Unfortunately, sometimes an injured worker may suffer a head injury or other type of injury that causes him or her to lose his/her sense of smell and/or taste. While no amount of money will ever make a person whole after losing one of their senses, North Carolina workers’ compensation law allows for an injured worker to be awarded some compensation for the loss of sense of smell and taste if the loss was a result of compensable workplace injury. Under North Carolina General Statute § 97-31(24), the “loss or permanent injury to any important organ or part of the body for which no compensation is payable under any other subdivision of this section. . .”. The maximum award for the loss of both senses (combined) is capped at $20,000 in North Carolina.

 

North Carolina law treats the “loss of sense of taste and smell” as the loss of an important internal organ.” See Cloutier v. State, 57 N.C. App. 239, 291 S.E.2d 362 (1982).  In 1997, the North Carolina Court of Appeals (Bess v. Tyson Foods, Inc., 125 N.C. App. 698, 482 S.E.2d 26 (1997) held that the injured worker was entitled to compensation for permanent damage to the olfactory organ but not for compensation for two separate compensable injuries. As a result, in North Carolina the most a plaintiff can receive for losing his or her sense of taste and smell is $20,000.

 

Based on a brief look at other states, it appears that many states do not compensate injured workers for their loss of sense of taste or smell at all. When compensation is allowed, the states have compensation caps less than North Carolina’s cap.  For example, Connecticut allows 17 weeks (max) compensation for loss of sense of taste, and 17 weeks (max) for loss of sense of smell. Minnesota allows a 1% disability rating for total loss of taste and 1% rating for total loss of sense of smell. Washington caps the total body impairment for the loss of taste and smell at 3% (or a max award of $5,977.41). Finally, Wisconsin has a cap of 2.5% for permanent total disability for losses of taste and smell. 

Scorpion Sting While Working at the Grocery Store – Compensable?

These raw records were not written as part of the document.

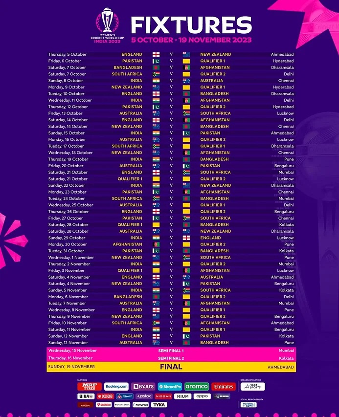 বিশ্বকাপের পর্দা উঠবে আগামী ৫ অক্টোবর। উদ্বোধনী ম্যাচে মুখোমুখি হবে গতবারের চ্যাম্পিয়ন ইংল্যান্ড ও রানার্সআপ নিউজিল্যান্ড। স্বাগতিক ভারত ৮ অক্টোবর চেন্নাইয়ে প্রথম ম্যাচ খেলবে পাঁচবারের চ্যাম্পিয়ন অস্ট্রেলিয়ার বিপক্ষে। ১৫ অক্টোবর আহমেদাবাদে হচ্ছে ভারত-পাকিস্তানের লড়াই।
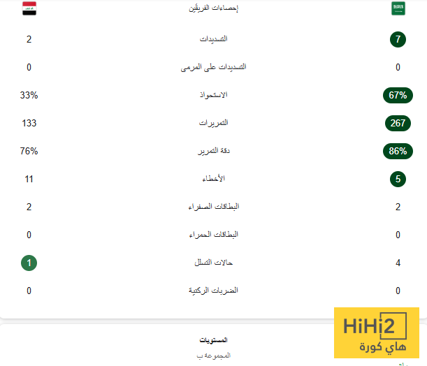 هاي كورة : عكست إحصائيات الشوط الأول بين السعودية والعراق تكافؤًا واضحًا في الأداء، حيث تقاربت نسب الاستحواذ وعدد المحاولات الهجومية من كلا الفريقين، ورغم بعض التحركات النشطة على الأطراف، إلا أن غياب الفاعلية في الثلث الأخير من الملعب حال دون تشكيل خطورة حقيقية على المرمى.
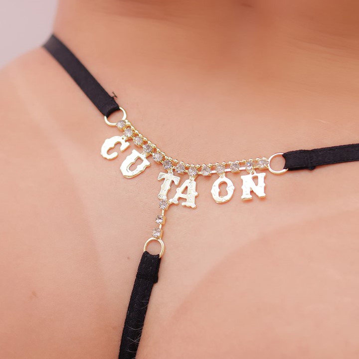Esquente o clima já com o visual e avisa o queridão que hoje o Cu ta On, com a Calcinha Fio Dental com Strass Frase "CU TA ON".
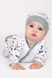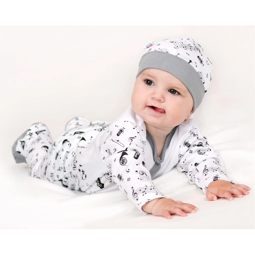 Le design épuré est relevé par des manches imprimées de petites notes et l’inscription Music, qui apportent une touche ludique à la tenue. Les manches se retroussent facilement, pour s’adapter à la météo du moment et aux besoins de bébé.
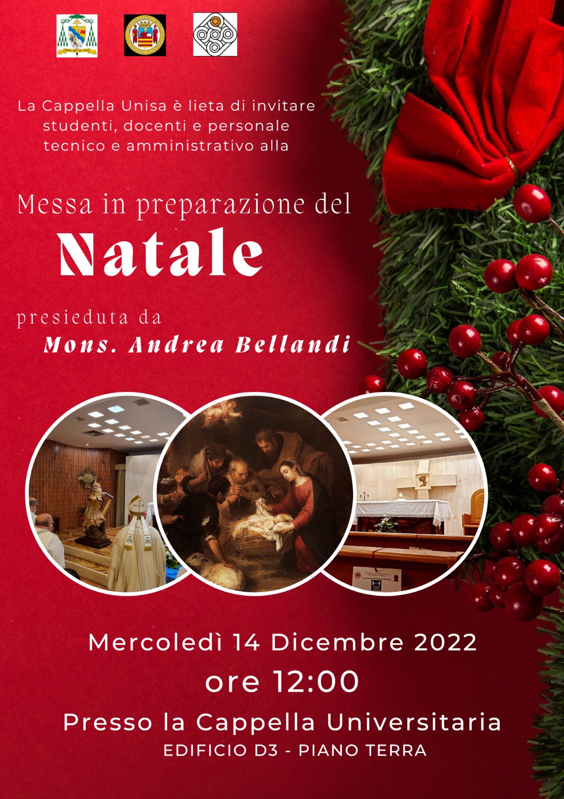 Mercoledì 14 dicembre, alle ore 12.00, come da tradizione la Pastorale Universitaria organizza la Celebrazione Eucaristica in occasione del Natale presso la Cappella UniSa presieduta dal nostro Arcivescovo, S.E. Mons. Andrea Bellandi.

In Raleigh, North Carolina, we see a lot of crickets, wasps, bees, lightning bugs, and an occasional cicada. What we don’t have – thank goodness – are scorpions. Those belong far, far away – preferably in other countries or in the Southwest. However, just a few weeks ago, an employee at a grocery store in Raleigh sustained a scorpion sting while working near the bananas in the produce section of the store. Based on the news article, it’s unclear what s/he was doing exactly – perhaps unloading or sorting bananas?

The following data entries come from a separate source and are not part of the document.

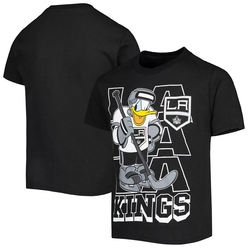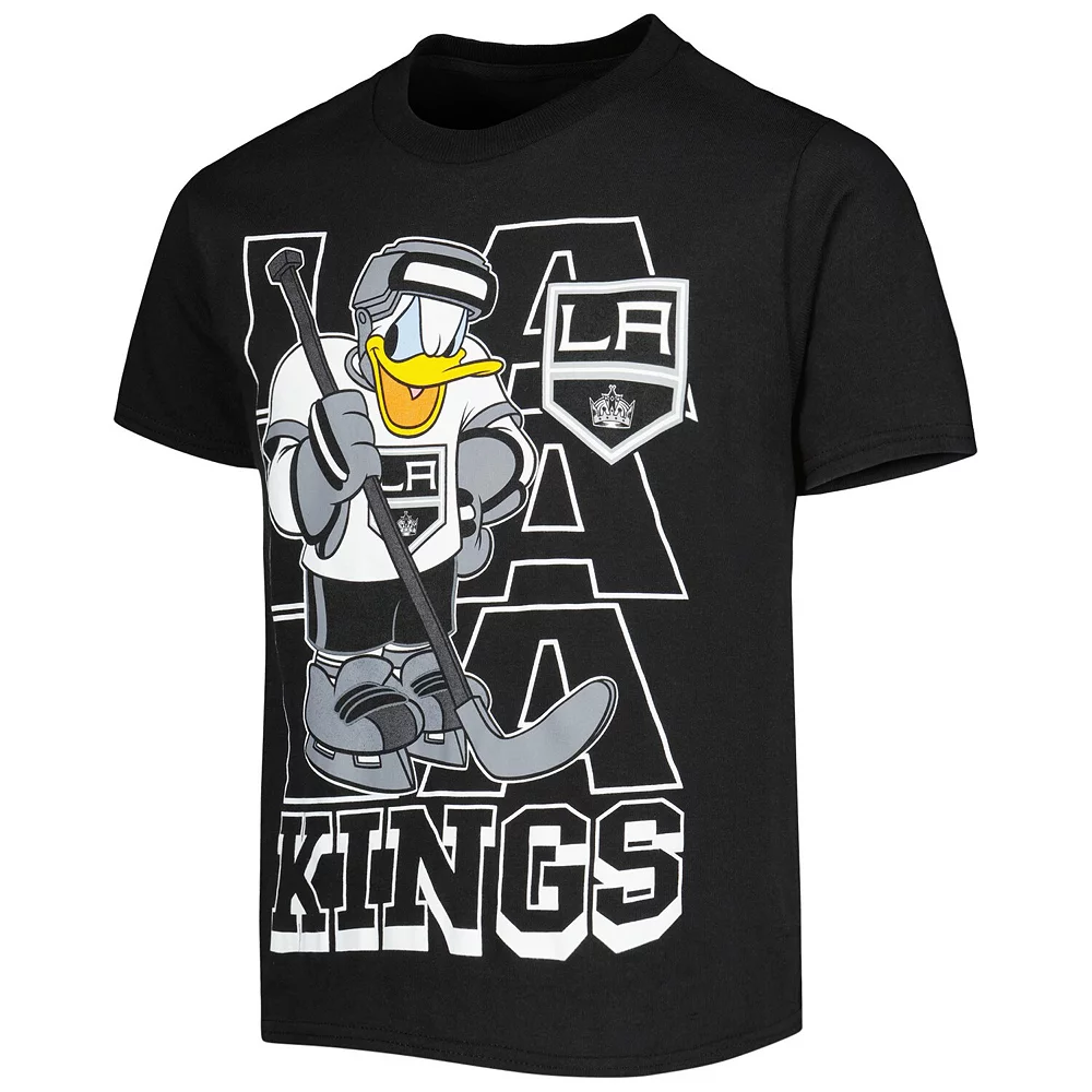 Gear up your young fan with something as magical as the Los Angeles Kings by grabbing this Disney Three-Peat T-shirt. It offers a lightweight and comfortable design so they can stay comfortable as they cheer on the squad. Plus, it features spirited Los Angeles Kings and Donald Duck graphics across the chest so there will be no doubt as to who their favorite NHL team and Disney character is.
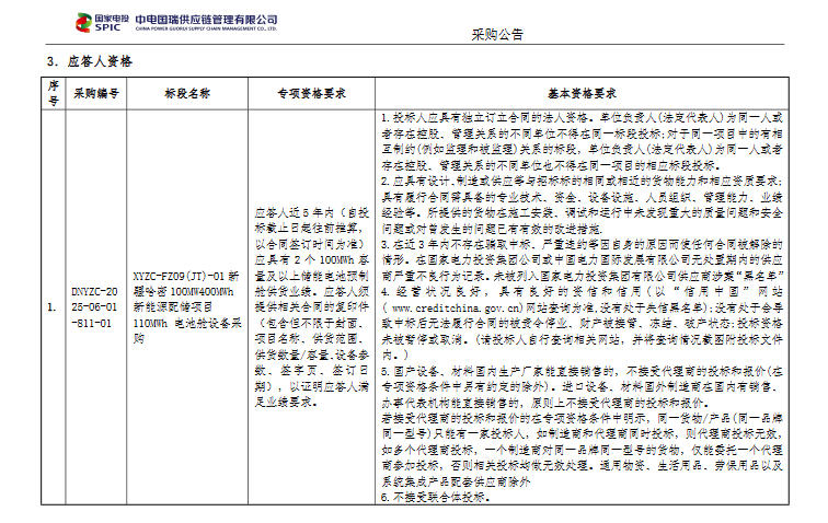 要求應答人近5年內(nèi)應具有2個100MWh容量及以上儲能電池預制艙供貨業(yè)績。
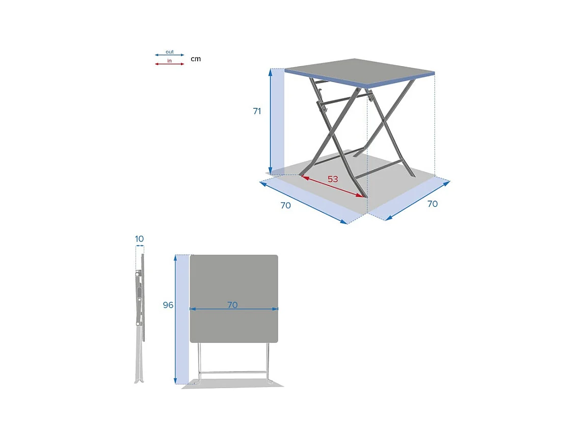 Table Repas Pliante Palerme Kaki 70x70x71cm Vert
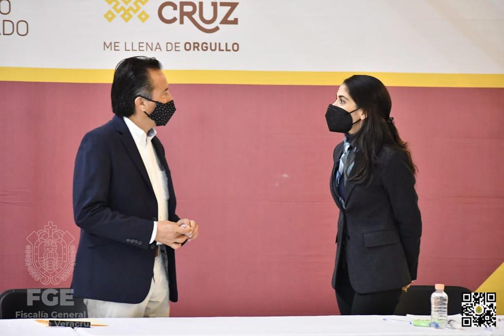 Córdoba, Ver.- En la ex hacienda de San Francisco Toxpan en la ciudad de Córdoba, la Fiscal General del Estado, Verónica Hernández Giadáns participó en la Mesa de Coordinación para la Construcción de la Paz para informar el cumplimento de 11 mandamientos judiciales, cinco detenciones en flagrancia y la localización de siete personas que se encontraban en calidad de desaparecidas, durante el pasado fin de semana.
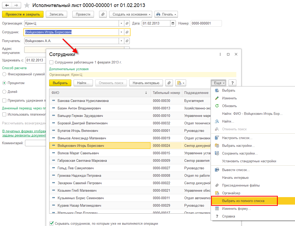 В некоторых документах (например, "Исполнительный лист") при выборе сотрудника добавлена возможность выбрать договорника ГПХ (меню Еще – Выбрать из полного списка).
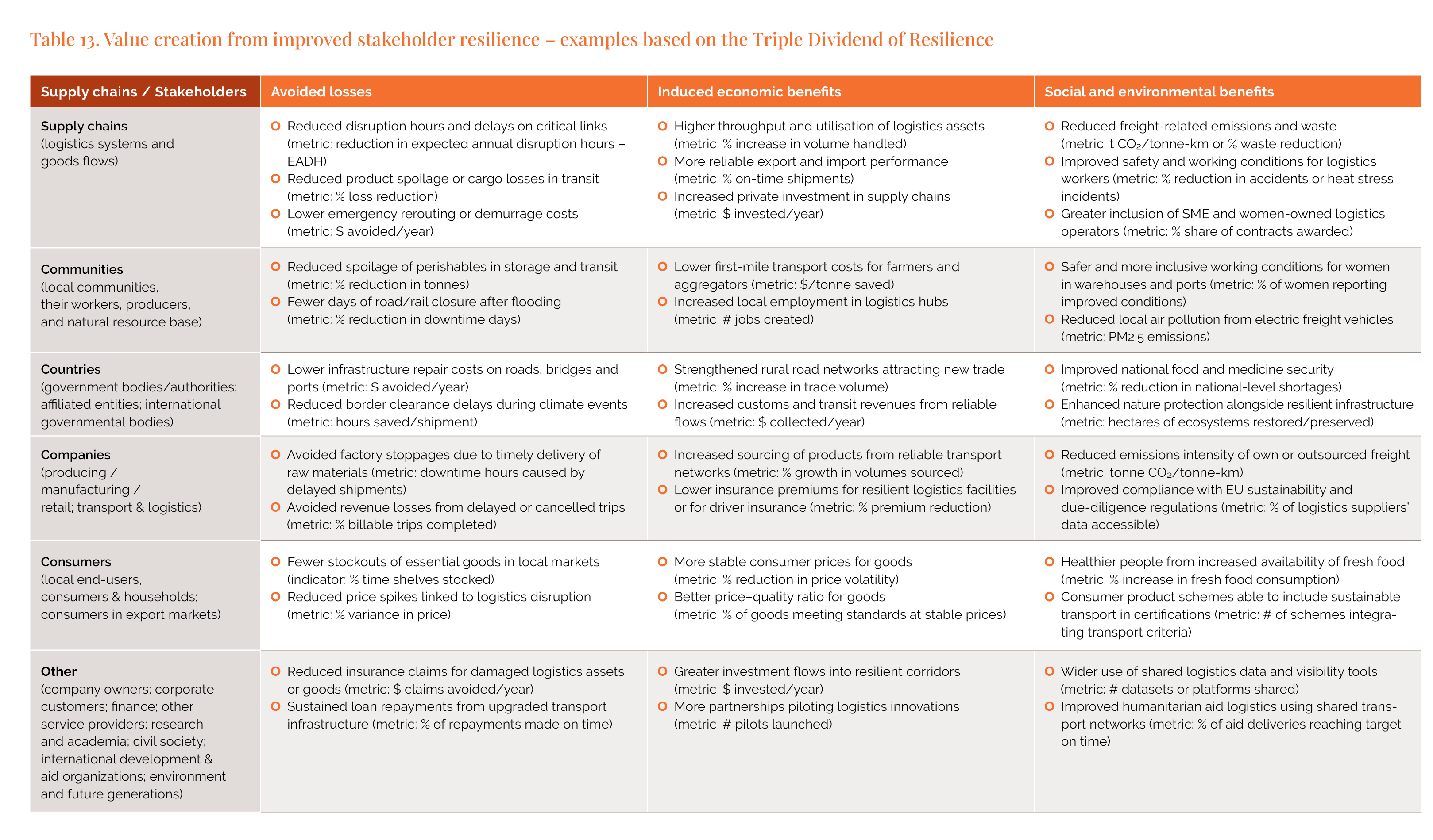 Table 13 gives examples of metrics/indicators that can be used to measure value at both the supply chain and stakeholder levels across the TDR.

So, would this mean that the stung employee would have a workers’ compensation claim? Based on the limited details from the news article, the answer is “quite possibly.” The Industrial Commission would apply an “increased risk” test to determine whether the employee’s injury from the insect sting arose out of his or her employment, and whether the employment peculiarly exposed the employee to a risk of being stung by a scorpion sting greater than that of other persons in the community. See Minter v. Osborne, 127 N.C. App. 134, 487 S.E.2d 835 (1997).

The case will likely hinge on coworker testimony and expert testimony (i.e. an entomologist testifying about insect habitats and behaviors). In this particular example, a local entomologist from North Carolina State University stated that “scorpions and spiders get to the state [North Carolina] from tropical areas by hitchhiking on bananas or other imported produce.” So, based on this statement, it’s likely if the employee was unloading bananas from out-of-state, s/he was at an increased risk due to his/her employment of encountering and subsequently being stung by a scorpion than, for example, I am sitting in my office just down the street.

The compensability of the case is going to center on a lot of factors. Insect bite cases involving workers’ comp issues are highly fact sensitive and quite interesting. Hopefully the injuries are typically minor and heal in a matter of days. However, when there are complications or reactions from an insect bite, it would be wise to consult with an attorney to discuss aspects of the case.